Records for this task Start Marker
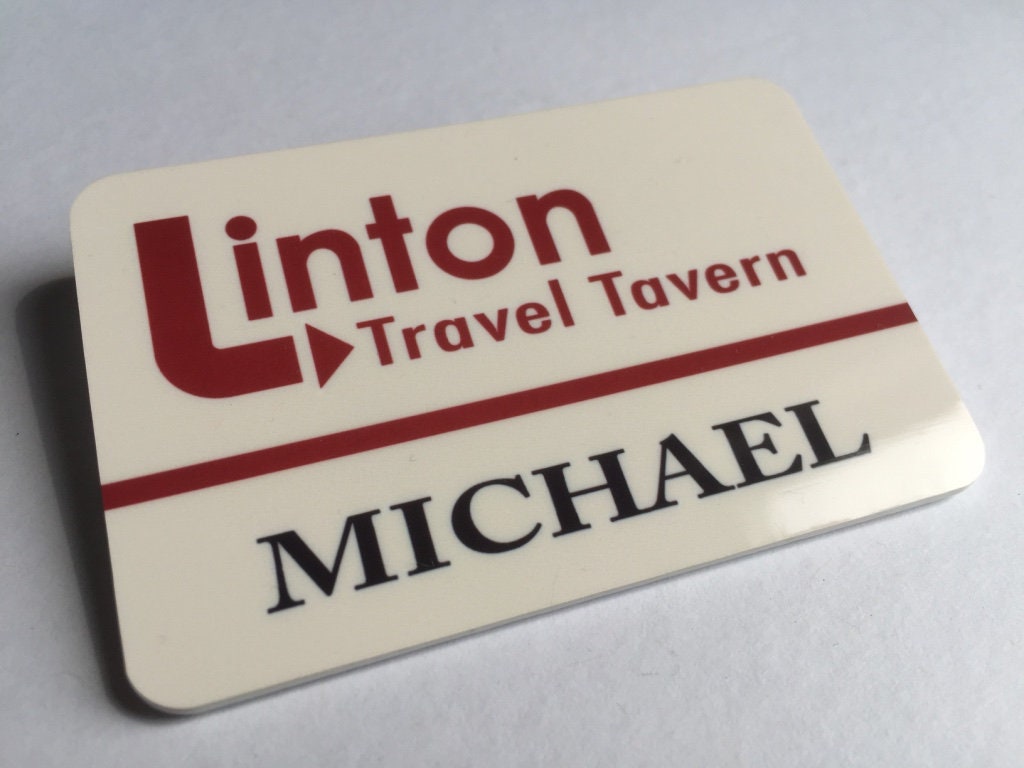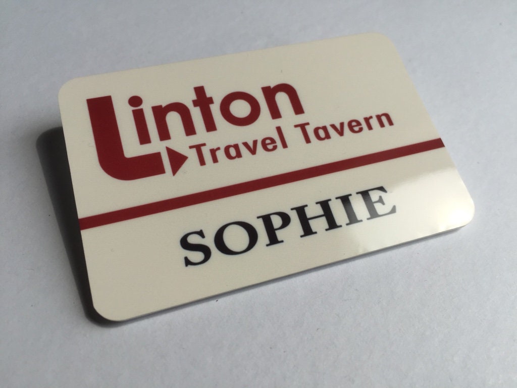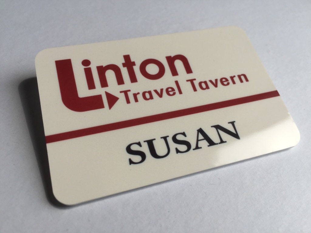 Plastic pin badge.
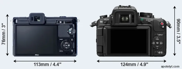 The side-by-side display below illustrates the physical size and weight of the Nikon 1 V1 and the Panasonic GH1. The two cameras are presented according to their relative size. Three consecutive views from the front, the top, and the rear side are shown. All size dimensions are rounded to the nearest millimeter.
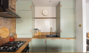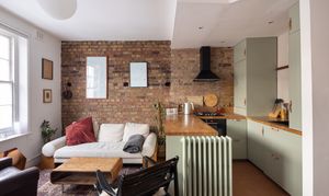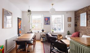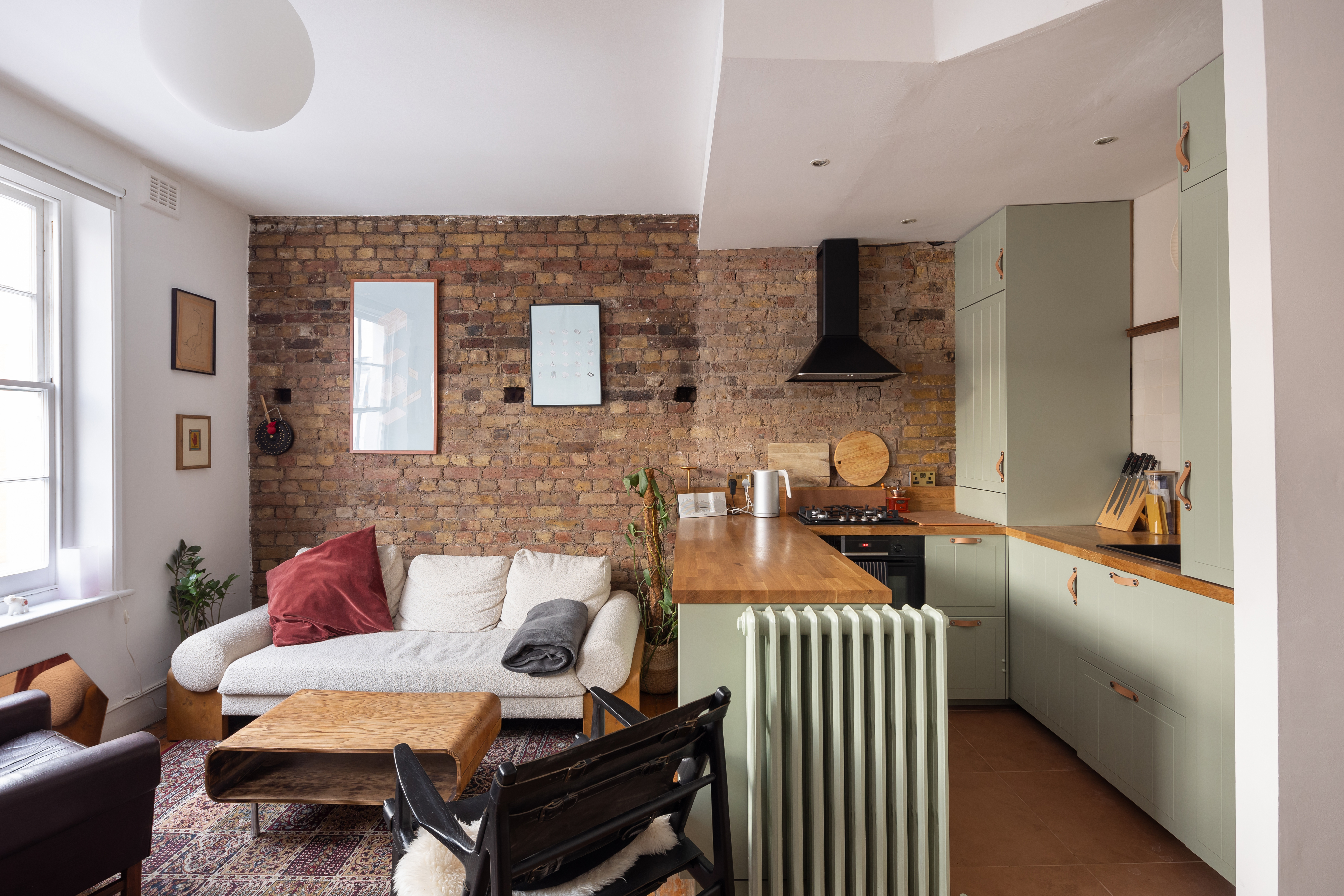 The apartment features an open-plan living space that has been designed to combine style and functionality. The exposed floorboards and brickwork bring a sense of warmth and authenticity to the room, evoking the charm of its period setting. The large windows on the south-western side of the apartment flood the space with natural light, creating a bright and welcoming ambience throughout the day.
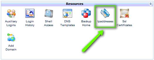 Để gán một địa chỉ IP dành riêng cho trang web của bạn, đăng nhập vào VPS Kloxo. Từ màn hình Home nhấp biểu tượng "Ipaddresses" trong hộp "Resources"
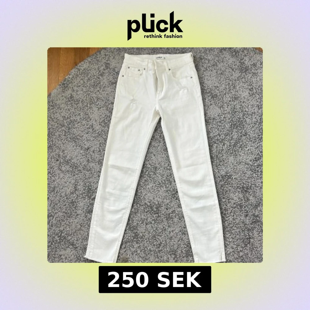 Säljer ett par vita jeansbyxor från Pull&Bear i klassisk femficksmodell. Byxorna har smal passform och låg midja, perfekta till många olika outfits. Stängs med dragkedja och knapp framtill. Perfekta ljusa jeans för sommaren. Säljs pga för liten för mig. ❤️
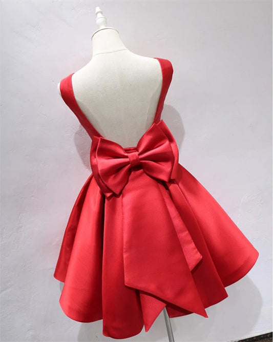 Cute Homecoming Dresses Satin Bow Back Spaghetti Straps
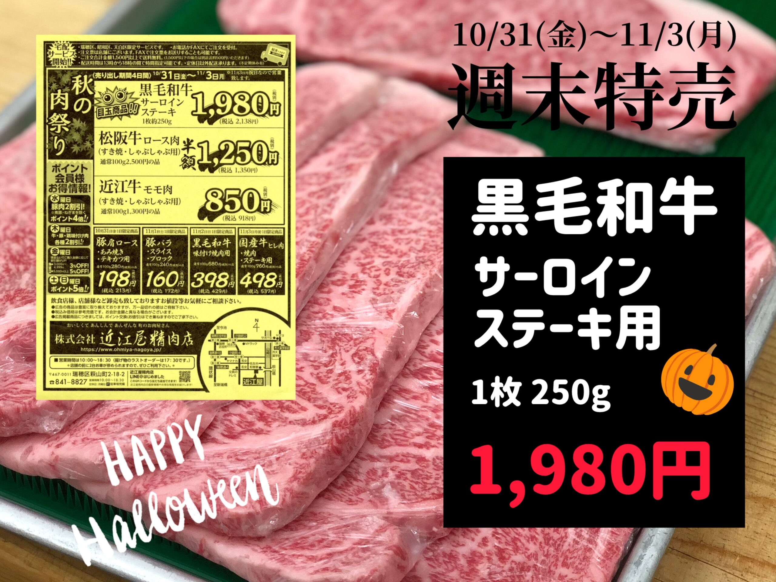 松阪牛ロース肉も 半 額 🎉‼️‼️ハッピーハロウィンセール開催中🎃
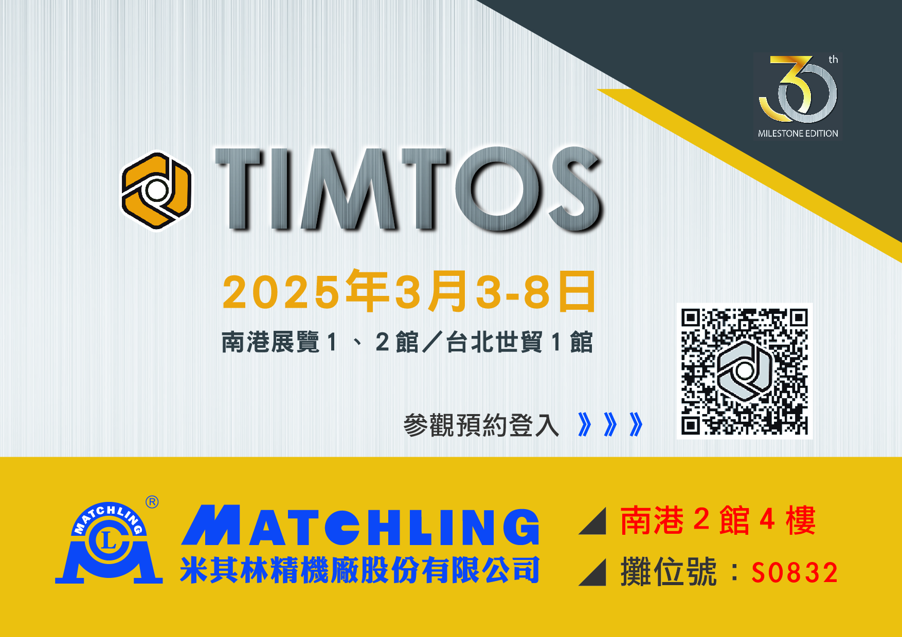 ♦♦♦ 台北國際工具機展 即將登場 ♦♦♦ 2025 TIMTOS工具機展,我們誠摯邀請您在展會期間蒞臨參觀,共襄盛舉。 展期:3/3(ㄧ) ~ 3/8(六) 時間:10:00~18:00 地點:南港展覽館二館4樓 攤位:S0832
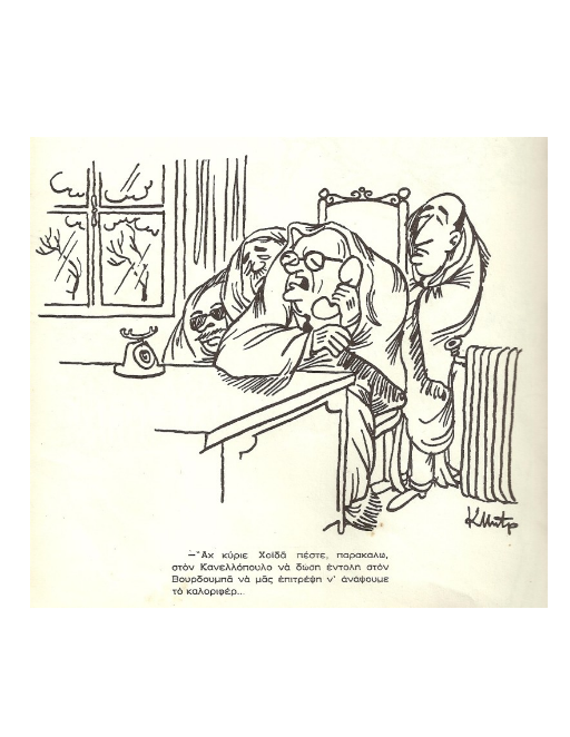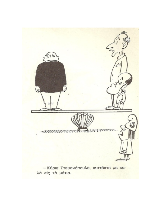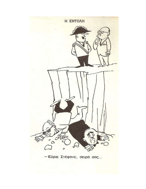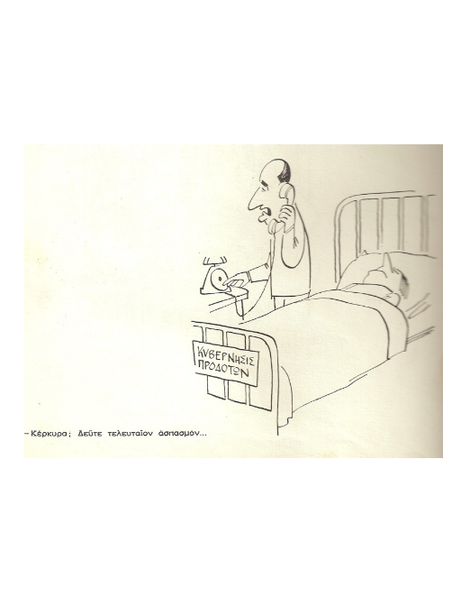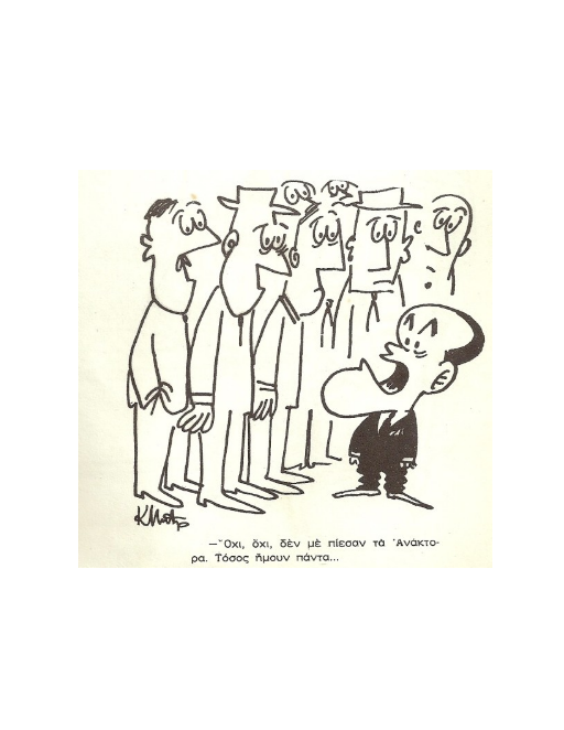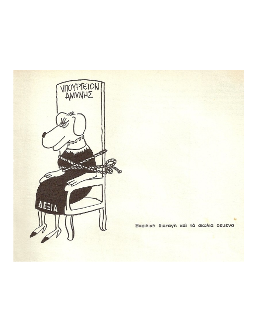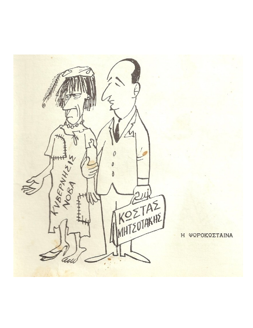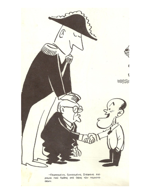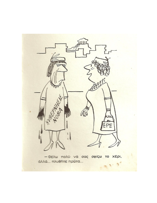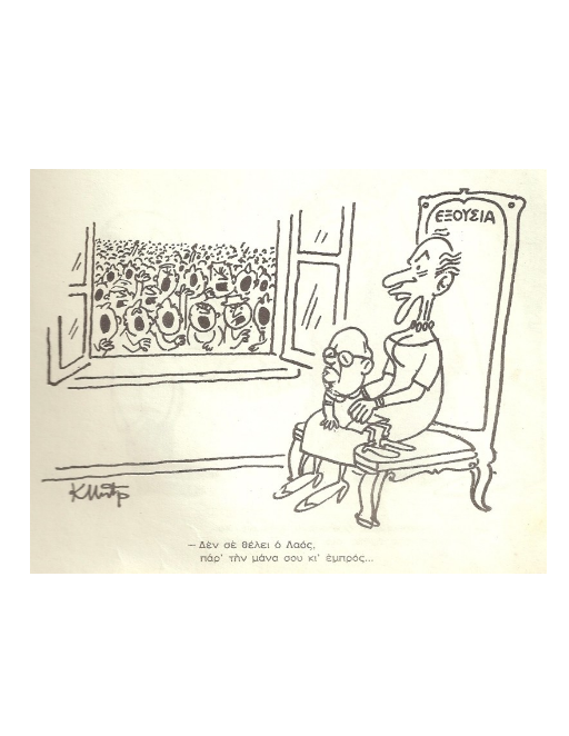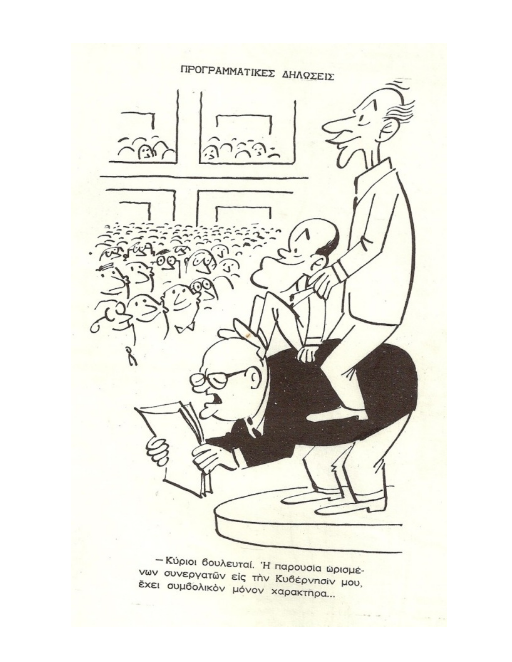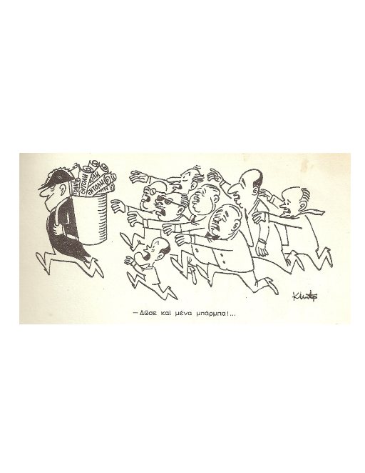 Δώσε και σε μένα μπάρμπα Πολιτικοί διαγκωνίζονται εκλιπαρώντας την εντολή σχηματισμού κυβέρνησης. Στην πρώτη σειρά, πλάι στον Στεφανόπουλο, ο Σπύρος Μαρκεζίνης, αρχηγός του μικρού Κόμματος των Προοδευτικών και μετέπειτα δοτός πρωθυπουργός της Χούντας. Ανάμεσα σε Κανελλόπουλο ικαι Νόβα ίσως είναι ο Κωστόπουλος. Πίσω από τον Μητσοτάκη, ο Πιπινέλης, πρωθυπουργός της ΕΡΕ το 1964 και αργότερα υπουργός εξωτερικών της Χούντας.
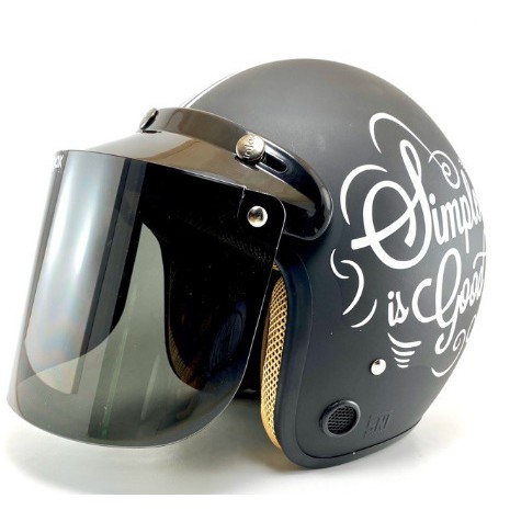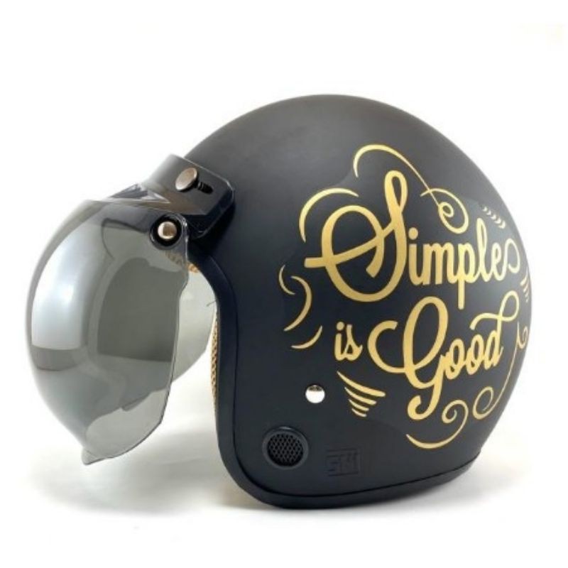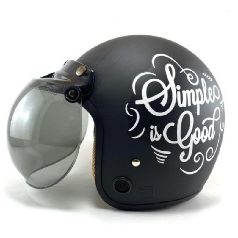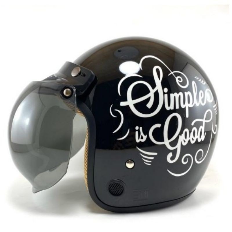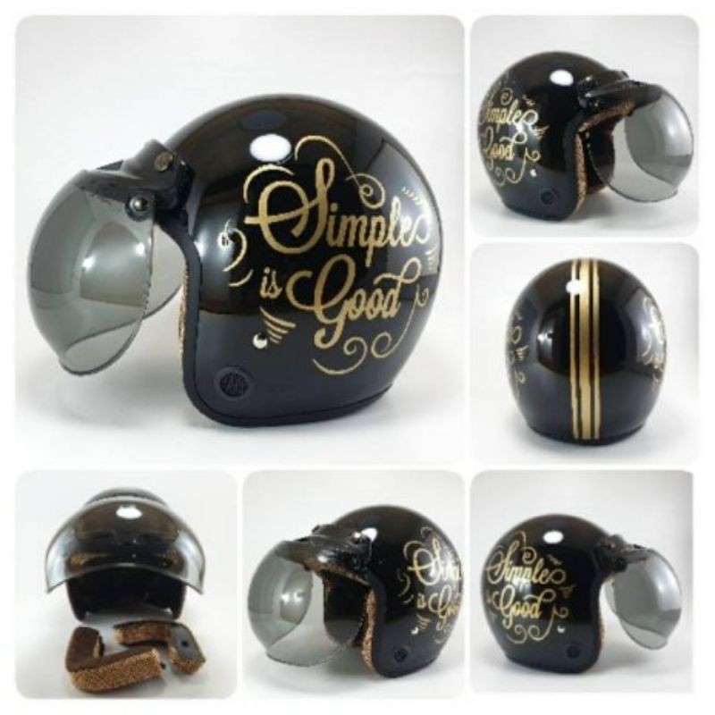 Helm Bogo Dewasa Simple Good Kaca Cembung Hitam Retro Motor SNI
Records for this task End Marker
▶ _Task description_
Copy all the records word for word and keep the pictures out.

▶ _Answer below_
 Plastic pin badge.
 The side-by-side display below illustrates the physical size and weight of the Nikon 1 V1 and the Panasonic GH1. The two cameras are presented according to their relative size. Three consecutive views from the front, the top, and the rear side are shown. All size dimensions are rounded to the nearest millimeter.
 The apartment features an open-plan living space that has been designed to combine style and functionality. The exposed floorboards and brickwork bring a sense of warmth and authenticity to the room, evoking the charm of its period setting. The large windows on the south-western side of the apartment flood the space with natural light, creating a bright and welcoming ambience throughout the day.
 Để gán một địa chỉ IP dành riêng cho trang web của bạn, đăng nhập vào VPS Kloxo. Từ màn hình Home nhấp biểu tượng "Ipaddresses" trong hộp "Resources"
 Säljer ett par vita jeansbyxor från Pull&Bear i klassisk femficksmodell. Byxorna har smal passform och låg midja, perfekta till många olika outfits. Stängs med dragkedja och knapp framtill. Perfekta ljusa jeans för sommaren. Säljs pga för liten för mig. ❤️
 Cute Homecoming Dresses Satin Bow Back Spaghetti Straps
 松阪牛ロース肉も 半 額 🎉‼️‼️ハッピーハロウィンセール開催中🎃
 ♦♦♦ 台北國際工具機展 即將登場 ♦♦♦ 2025 TIMTOS工具機展,我們誠摯邀請您在展會期間蒞臨參觀,共襄盛舉。 展期:3/3(ㄧ) ~ 3/8(六) 時間:10:00~18:00 地點:南港展覽館二館4樓 攤位:S0832
 Δώσε και σε μένα μπάρμπα Πολιτικοί διαγκωνίζονται εκλιπαρώντας την εντολή σχηματισμού κυβέρνησης. Στην πρώτη σειρά, πλάι στον Στεφανόπουλο, ο Σπύρος Μαρκεζίνης, αρχηγός του μικρού Κόμματος των Προοδευτικών και μετέπειτα δοτός πρωθυπουργός της Χούντας. Ανάμεσα σε Κανελλόπουλο ικαι Νόβα ίσως είναι ο Κωστόπουλος. Πίσω από τον Μητσοτάκη, ο Πιπινέλης, πρωθυπουργός της ΕΡΕ το 1964 και αργότερα υπουργός εξωτερικών της Χούντας.
 Helm Bogo Dewasa Simple Good Kaca Cembung Hitam Retro Motor SNI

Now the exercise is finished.